The controller 40 may calculate the water accumulation amount MO without using one or more of the water temperature THW, the oil temperature THO, and the intake air amount GA. The controller 40 may use parameters other than the water temperature THW, the oil temperature THO, and the intake air amount GA for the calculation of the water accumulation amount MO.

Others

The controller 40 may determine whether the water accumulation amount in the engine oil is relatively large without calculating the value of the water accumulation amount MO. For example, the controller 40 may execute the determination as follows. The operating conditions of the forced-induction engine 10 include an operating condition in which the water accumulation amount in the engine oil is likely to increase. The controller 40 measures the time during which the forced-induction engine 10 is operated under the operation condition, in which the water accumulation amount is likely to increase, and determines that the water accumulation amount is relatively large when the time exceeds a certain time.

In the above-described embodiment, the turbocharger 20 of a variable nozzle type is employed in the forced-induction engine 10. As long as the turbocharger can adjust the boost efficiency of the compressor 22, a turbocharger of another type may be employed. For example, a bypass passage through which the exhaust gas flows while bypassing the turbine 21 and a turbocharger including a wastegate valve capable of changing the flow passage area of the exhaust gas in the bypass passage may be employed. In this case, the boost efficiency of the compressor 22 can be increased by reducing the opening degree of the wastegate valve and increasing the flow rate of the exhaust gas blown to the turbine 21.

The controller 40 of the above-described embodiment and the modifications thereof may also be employed in a forced-induction engine other than the hydrogen engine.
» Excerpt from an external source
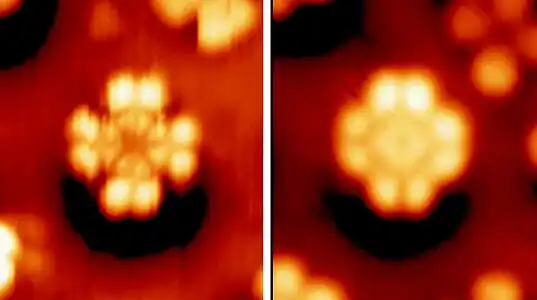 Microscopie à effet tunnel d'une molécule de phtalocyanine aux potentiels −2 et +1 V[9]. Noter que cette image restitue la densité électronique dans les orbitales HOMO et LUMO et non la forme des atomes.

Various changes in form and details may be made to the examples above without departing from the spirit and scope of the claims and their equivalents. The examples are for the sake of description only, and not for purposes of limitation. Descriptions of features in each example are to be considered as being applicable to similar features or aspects in other examples. Suitable results may be achieved if sequences are performed in a different order, and/or if components in a described system, architecture, device, or circuit are combined differently, and/or replaced or supplemented by other components or their equivalents. The scope of the disclosure is not defined by the detailed description, but by the claims and their equivalents. All variations within the scope of the claims and their equivalents are included in the disclosure.